Эта метафора, пронизывающая стихи, начиная с самых ранних, имеет мощный экзистенциальный смысл. Птица обладает высокой степенью свободы за счет принципиально иного способа передвижения в пространстве. Птица обладает особой возможностью познания за счет способности видеть мир с высоты – целиком. Взгляд парящей в вышине птицы благодаря аккомодации зрения схватывает и самый общий план в его величии, и каждый предмет в отдельности. На этом совмещении и построены «большие стихотворения» Бродского. В сочетании с принципом потока это и создает уникальность его поэзии в контексте мировой литературы.
Птица-душа Джона Донна поднялась на немыслимую высоту: «Ты Бога облетел и вспять помчался». Но и ее свобода трагически ограничена.
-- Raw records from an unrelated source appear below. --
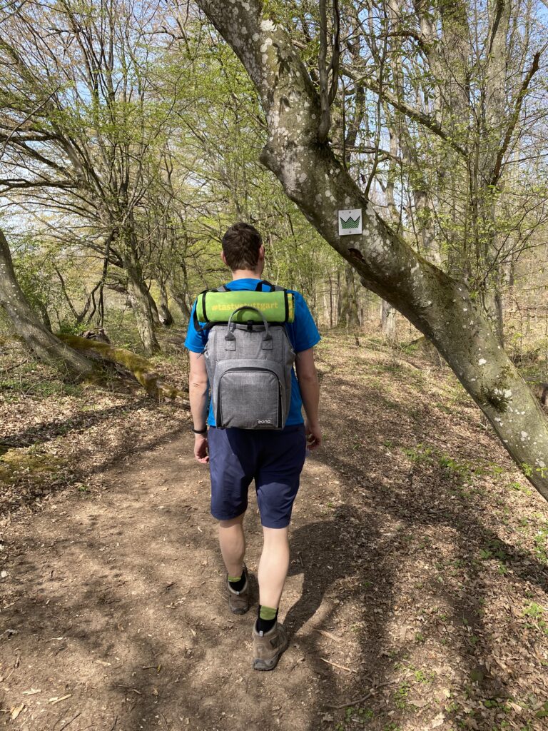 © Stadt WaldenbuchZurück im Städtle, wie die Innenstadt liebevoll genannt wird, laufen wir direkt zum Landgasthof Rössle. Hier haben wir am Vortag bereits einen Picknick-Rucksack bestellt, den wir jetzt abholen. Schwierig wird es nur bei der Frage, ob wir Rot- oder Weißwein möchten. Wir entscheiden uns für einen Riesling. Gut verpackt und mit einer Picknickdecke ausgestattet laufen wir zunächst etwa 25 min. Richtung Waldjugendzeltplatz Jungviehweide. Dort starten wir unsere Wanderung auf dem Premiumwanderweg Herzog-Jäger-Pfad.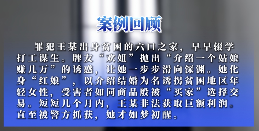 罪犯王某所谓的“婚介生意”,终被法律利剑斩断。守护妇女儿童“不被拐卖的人生”,既要法治高压、常打常严,更需全民参与、源头预防,让拐卖犯罪无处遁形。
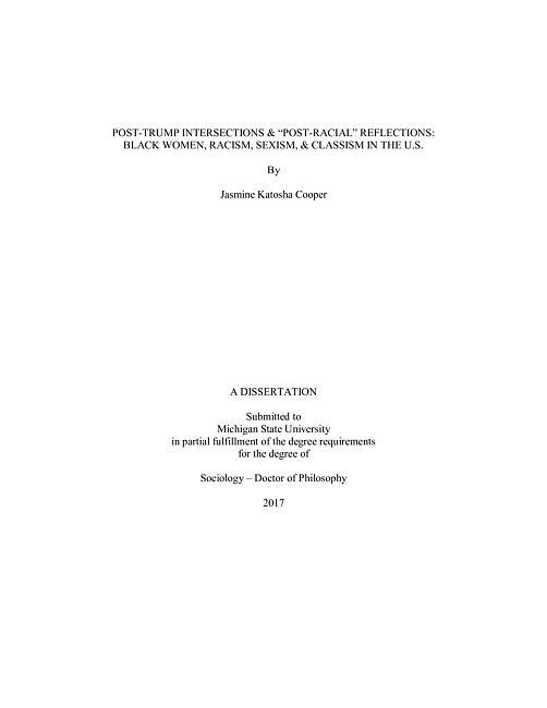 Post-Trump intersections & "post-racial" reflections : black women, racism, sexism, & classism in the U.S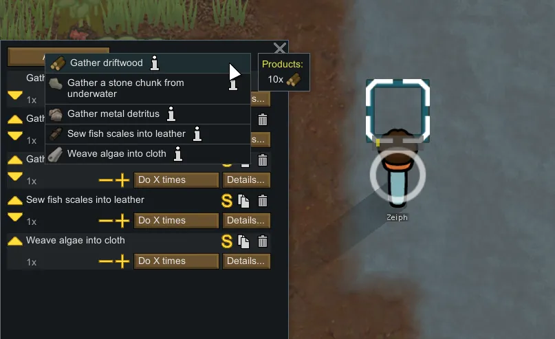 - [b]Gather driftwood[/b]: Creates 15 wood.
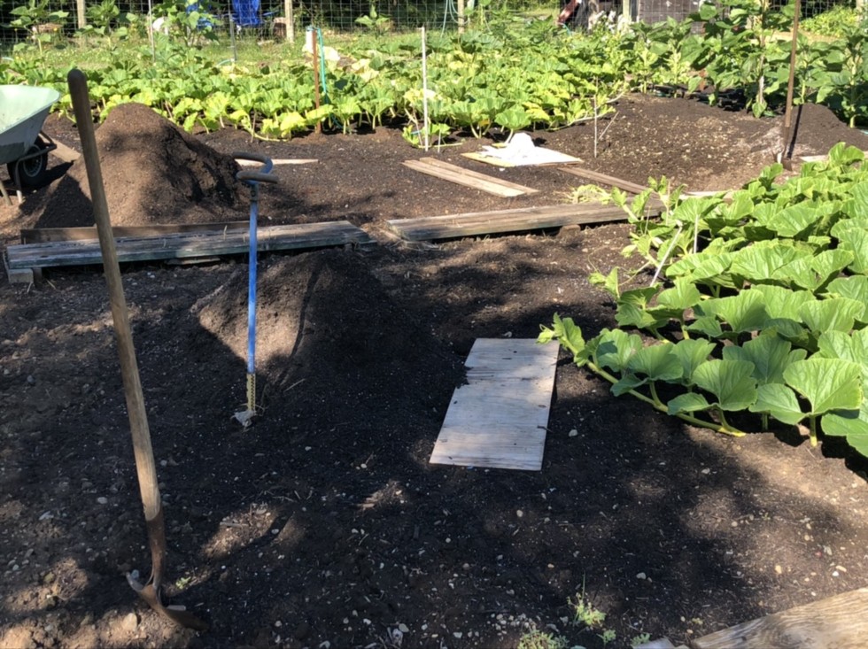 Yes, we weed and prep the soil in front of the secondaries with a broadfork. Then, with stockpiled compost/peat moss and perlite mixed, we perform a vine burying method somewhere between the Paton�s pot method and Richmond Dave�s vine burying method. Then, after that if weeds grow, then they grow under the pumpkin leaf canopy.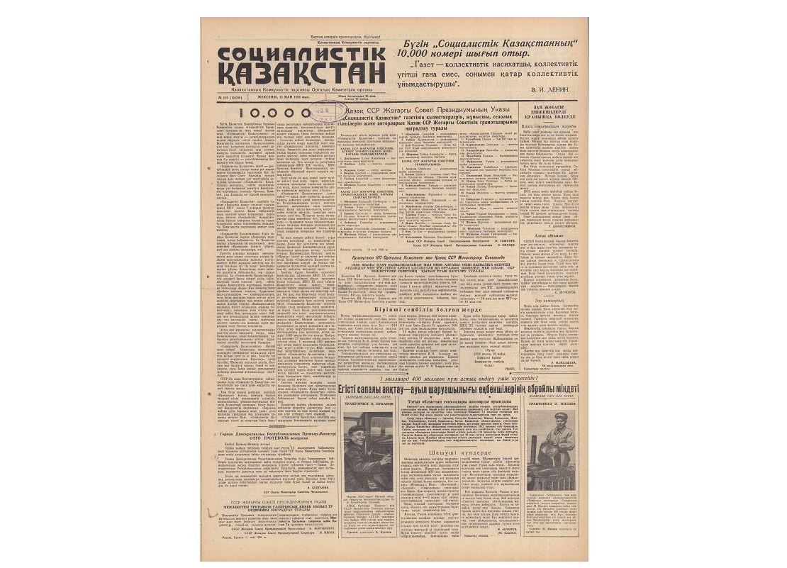 ءبىز بۇگىن وزدەرىڭىزگە وسىدان تۋرا 56 جىل بۇرىنعى 10 مىڭىنشى ءنومىر تۋرالى ايتا وتىرىپ, گازەتتىڭ قوعامداعى باستى قوزعاۋشى كۇش ەكەنىن تاعى ءبىر مارتە تارقاتقىمىز كەلەدى.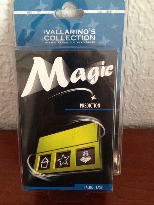 Detalles del productoJuego de manos de la marca OID Magic, de muy buena calidad. El mago podrá realizar una serie de predicciones. Instrucciones en español. A partir de 7 años. Nuevo a estrenar y precintado. Medidas de la caja (sin el blister) 15 x 10 cm.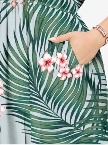 Plus Size Flowers Tropical Leaf Print Split Hawaii Midi Dress - Light Green - Xs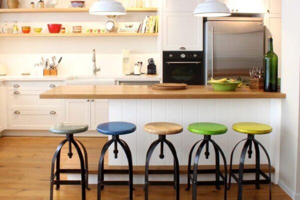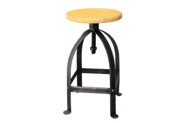 כסא בר ברזל צהוב חרדל עם מושב עגול מתכוונן לגובה בצורת הברגה. הכסאות מעוצבים בסגנון תעשייתי מחוספס ומיוצר מברזל יצוק בצבע שחור ומושב עץ עגול הצבוע בגוונים מרהיבים עם אפקט מיוחד למראה כפרי. הכיסא מתכוונן עד לגובה 85 ס"מ לנוחיות המשתמש. רהיט מושלם לעיצוב הדלפק או הבר במטבח

Мир бесконечен. Предположения о том, что существует нечто еще более отдаленное и высокое, чем обиталище Бога, робко возникали в ранних стихах Бродского. Но в «Большой элегии», одном из самых философски дерзких созданий литературы, об этом сказано с еретической безоглядностью:
Прорыв выше Бога может дать свободу от ужаса Страшного суда – это прорыв во внеэтическое существование, где грех должен отторгаться не страхом возмездия, но первобытной гармоничностью отношений. Ибо там, выше Бога, лежит абсолютно вневременное пространство – утопия, девственная страна, ожидающая человека, отрекшегося от времени с его суетой.
Эта картина удивительным образом соотносится с русской народной утопией – мечтой о Беловодье, которую органически ощущал и описал в «Войне и мире» Толстой:
«В жизни крестьян этой местности были заметнее и сильнее, чем в других, те таинственные струи народной жизни, причины и значение которых бывают необъяснимы для современников […] Сотни крестьян […] стали вдруг распродавать свой скот и уезжать семействами куда-то на юго-восток. Как птицы летят куда-то за моря, стремились эти люди с женами и детьми туда, на юго-восток, где никто из них не был […] Бежали, и ехали, и шли туда, на теплые реки. Многие […] с голода и холода умерли по дороге, многие вернулись сами».
Птица как символ способа существования была так важна молодому Бродскому потому еще, что именно в птицах живет мощный инстинкт, ведущий их в пространстве – в их птичью утопию, «на теплые реки». Этот лесоруб из «Большой элегии» – двойник толстовских крестьян, влекомых птичьим инстинктом к перелету, но осмелившийся идти до конца, не вернувшийся и ставший персонажем утопического мифа – «сном библейским».
У Толстого имеется и еще прямой аналог смысловому сюжету «Большой элегии». Груз «тяжелых, как цепи, чувств и мыслей», созданный духовными борениями на уровне бренной жизни, мешает Донну вырваться на абсолютную свободу: «Ты птицей был […] Но этот груз тебя не пустит ввысь». У Толстого незадолго до начала его проповеди в записной книжке:
«Есть [люди] с большими, сильными крыльями, для похоти спускающиеся в толпу и ломающие крылья. Таков я. Потом бьется с сломанным крылом, вспорхнет сильно и упадет. Заживут крылья, воспарит высоко».